Abstract

Background The increase in syphilis rates worldwide, particularly in people living with HIV (PLWH), as well as the challenging diagnosis that secondary syphilis represents, make essential the accurate recognition of its manifestations, particularly in easy-access sites like the oral mucosa. Objective To describe the clinicopathologic spectrum of oral secondary syphilis (OSS) in PLWH. Methods A cross-sectional and descriptive study that included PLWH with OSS from 3 HIV referral centers in Mexico City (2004-2020). Demographic and clinical data were obtained. A comprehensive oral examination was done. OSS was diagnosed following established criteria. Histopathologic/cytological procedures were performed to rule out specific oral lesions. In all patients, Venereal Disease Research Laboratory tests were assessed and, if possible, a confirmatory fluorescent treponemal antibody test or biopsy was performed. Statistical analysis was performed using SPSS v25. Results Forty-seven PLWH with OSS (97.8% male, median age: 32 years, 63.8% with acquired immunodeficiency syndrome) were included. Thirty-five were receiving combination antiretroviral therapy (74.5%; median of 1146 [Q1-Q3: 337.5-1971] days) with a median CD4+ count of 385 (Q1-Q3: 223-664) cells/mm3 and a Log10 HIV viral load of 4.1 (Q1-Q3: 3.7-5.3) copies/mL. Forty had a complete clinical-serological diagnosis (85.1%; 17 had histopathologic confirmation) and 7 had a clinical-histopathologic diagnosis.
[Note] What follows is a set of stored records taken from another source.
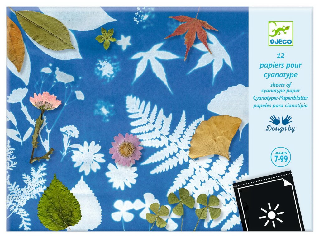 Sada 12 fotocitlivých papierov na kreatívnu kyanotypiu - tvorenie na fotopapier od firmy Djeco zaistí dostatok výtvarného tvorenia pre všetky deti i dospelých.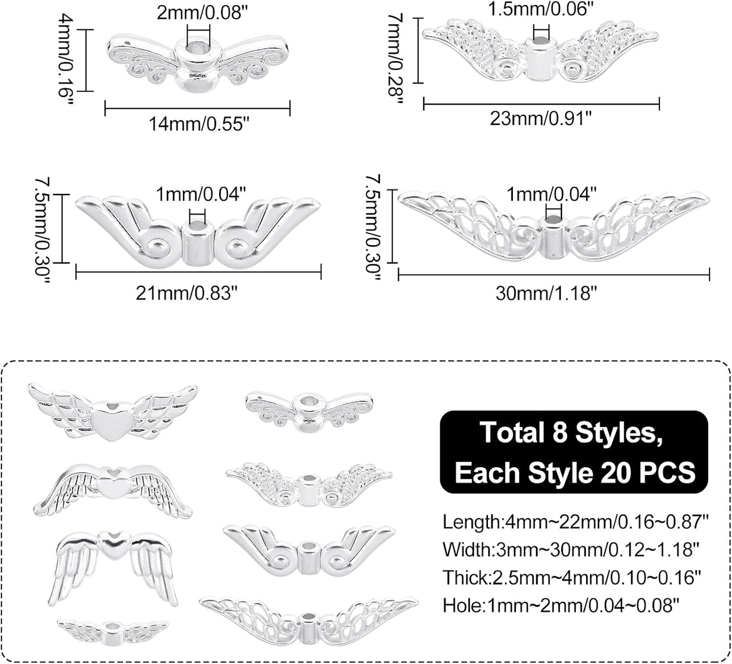 160pcs 8 Styles Angle Wing Bead for Crafts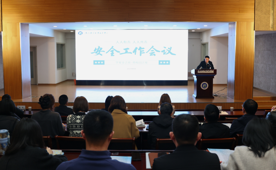 院长沈建华做学院安全工作报告,他从工作格局持续优化、安防硬件提质增效、管理规范全面提升、精准防控守牢底线、宣教融合入脑入心等5个方面总结2025年学院安全工作取得的成效,并从压实安全责任、深化科技赋能、聚焦重点领域、厚植安全文化、强化队伍建设、健全应急体系等六个方面部署学院2026年安全工作的主要任务。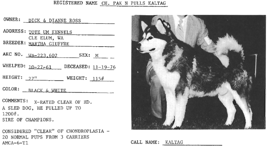| Père Klahowya Kasaan of Tote-Um, Ch., AMA seal & white, 27/03/1967 | ![]() Pak N Pulls Kaltag, Ch, black & white, 27/10/1961 | Maloot Of Kuvak, AMA black & white, 29/01/1959 | Stikeen of Tyee, 17/04/1957 |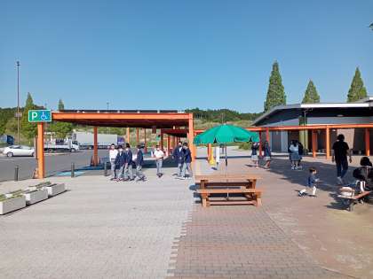 土山サービスエリアに到着しました。ここを出ますと、長島スパーランドまでノンストップです!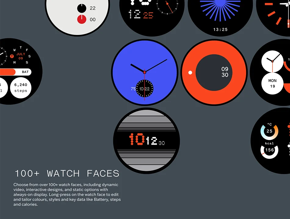 Watch faces----100+ signature watch faces with customisable options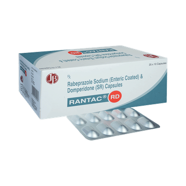 Rantac RD 30mg/20mg Capsule is a combination of two medicines: Domperidone and Rabeprazole. This combination is used to treat acidity and heartburn or gastroesophageal reflux disease (GERD); a condition where the acid in the stomach flows back up into the food pipe (esophagus). It is also used to treat gastric and duodenal ulcers. Domperidone helps to control vomiting by increasing the movement of the gut, allowing the food to move more easily through the stomach.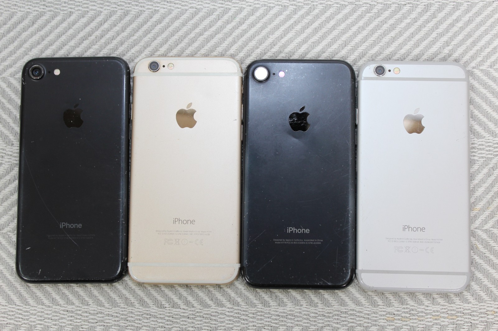 как выглядит 4 iPhones 2 Black iPhone 7s A1778 2 Silver Rose iPhone 6s A1549 фото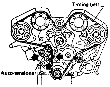 - After removing timing belt, do not turn crankshaft and camshaft separately because valves will strike piston heads.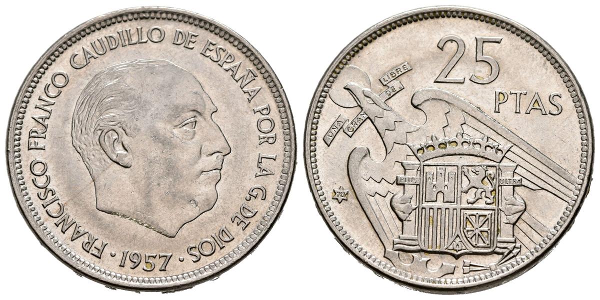 ESTADO ESPAÑOL (1936-1975). 25 Pesetas (Ni. 8,62g/27mm). 1957 *70. Madrid. (Cal-2019-125). SC.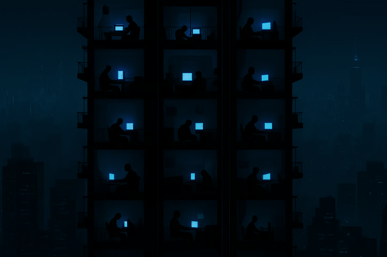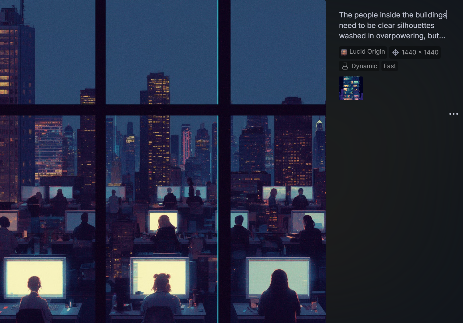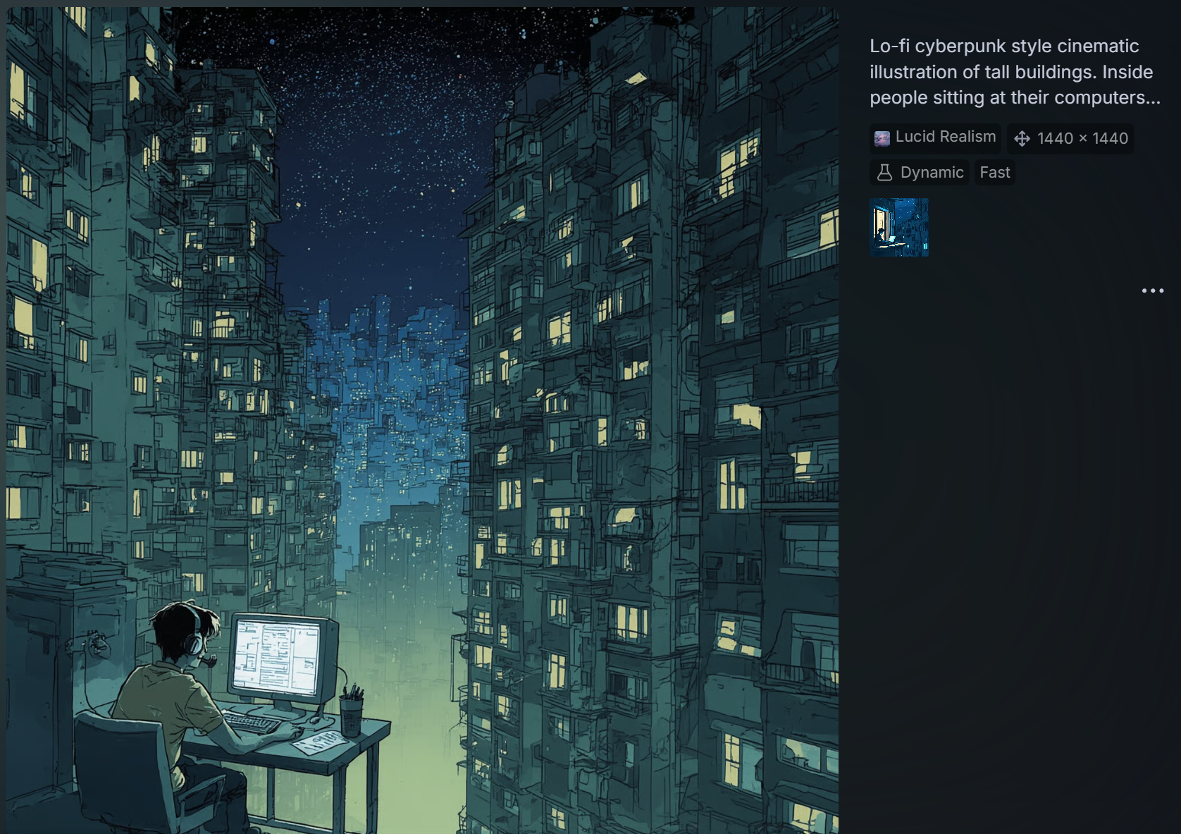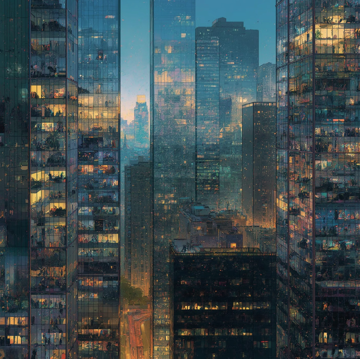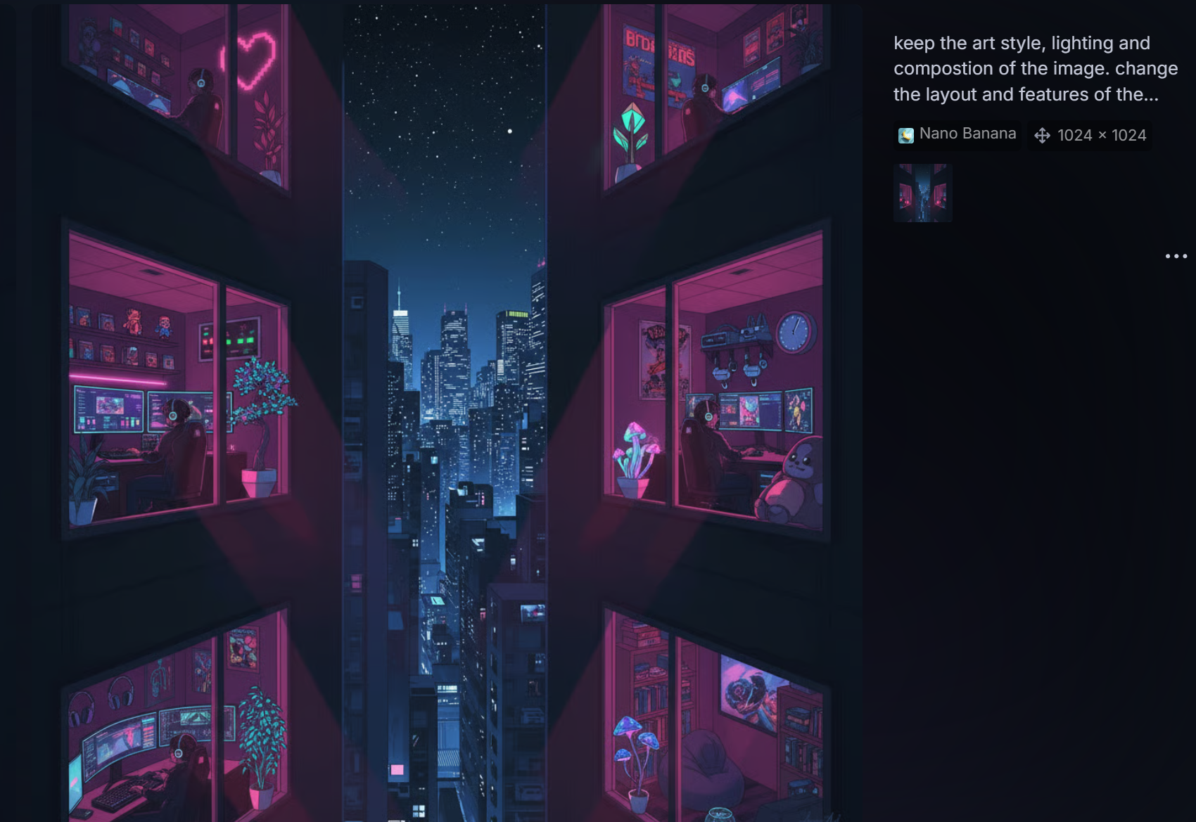 "True to the inherent nature of art, it is the human touch that refines a work to embody those subtleties and nuances only a person can provide. The specific feelings invoked by intentional creative choices. It is the reason one building or skyline "feels" more right than another. It is knowing why four souls, physically separated by the span of pavement far below or a ceiling high above, and sitting alone in the calm ambience of the night, can invoke a commentary on finding one’s place and one’s "people" amidst the conformity of society. It speaks to a peace, and connectedness found within an immersive online community, an acceptance that others may not fully understand. These are depths of perception that AI cannot truly feel. It can only mimic and reflect the surface, alluding to a humanity it does not possess."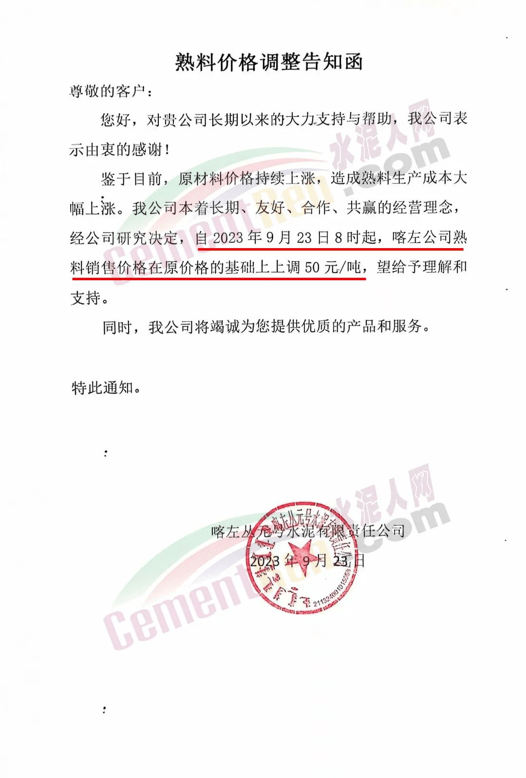 湖北玖龍:10月7日零點(diǎn)開(kāi)始,玖牛、海優(yōu)、海牛、地優(yōu)、地牛、地再、江再上調(diào)50元/噸。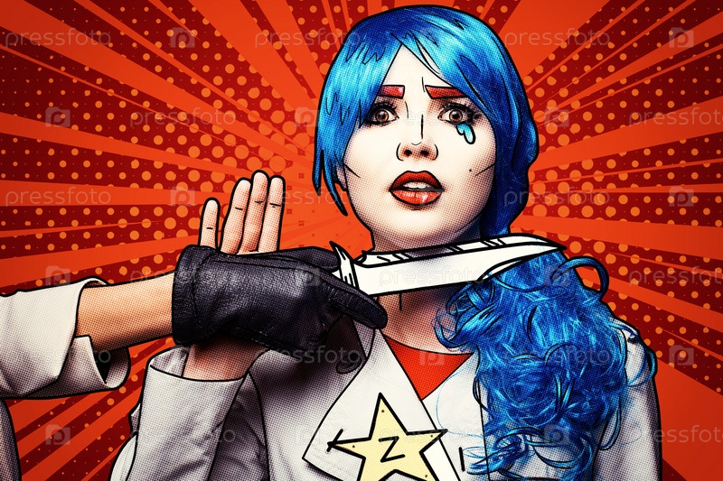 Женщина с ножом возле горла. Портрет молодой женщины в стиле комического поп-арта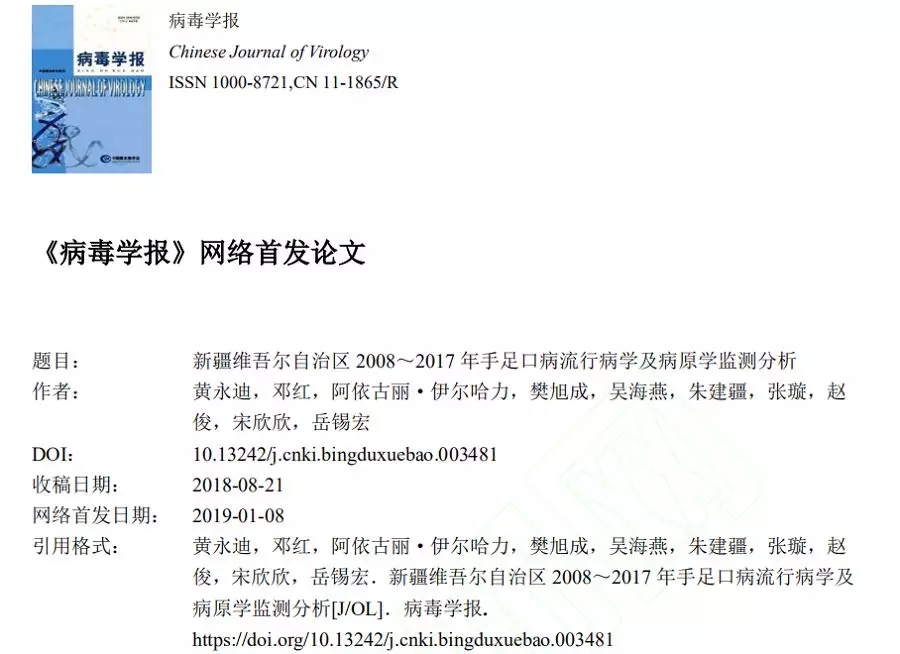 【文獻速覽】新疆維吾爾自治區(qū)2008年~2017年手足口病流行病學及病原學監(jiān)測分析
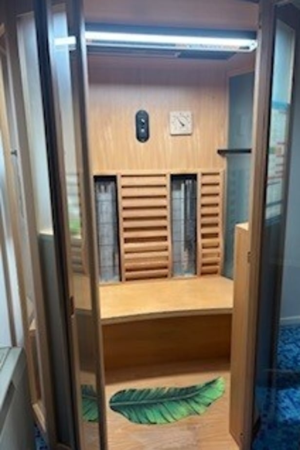 A far infrared sauna is a type of sauna that uses light to create heat that penetrates deeper in the body. Helps heal from within. Ours includes a sunlight bulb which can help people who get S.A.D through the darker winter months.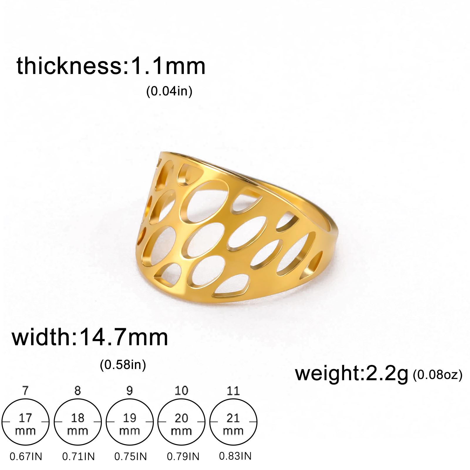 Anillo de acero inoxidable ovalado ancho y hueco de titanio con corte de patrón retro étnico simple personalizado para hombres y mujeres

Twenty-nine individuals presented 1 lesion (61.7%), and mucous patch was the most common type mainly on oropharyngeal mucosa, followed by ulcers and macular lesions. Ten patients presented maculopapular dermatosis (21.3%). Conclusions In PLWH, oral lesions, particularly mucous patch and/or ulcers on the oral and oropharyngeal mucosa, must alert specialists to consider a diagnosis of syphilis and perform a comprehensive panel of confirmatory tests.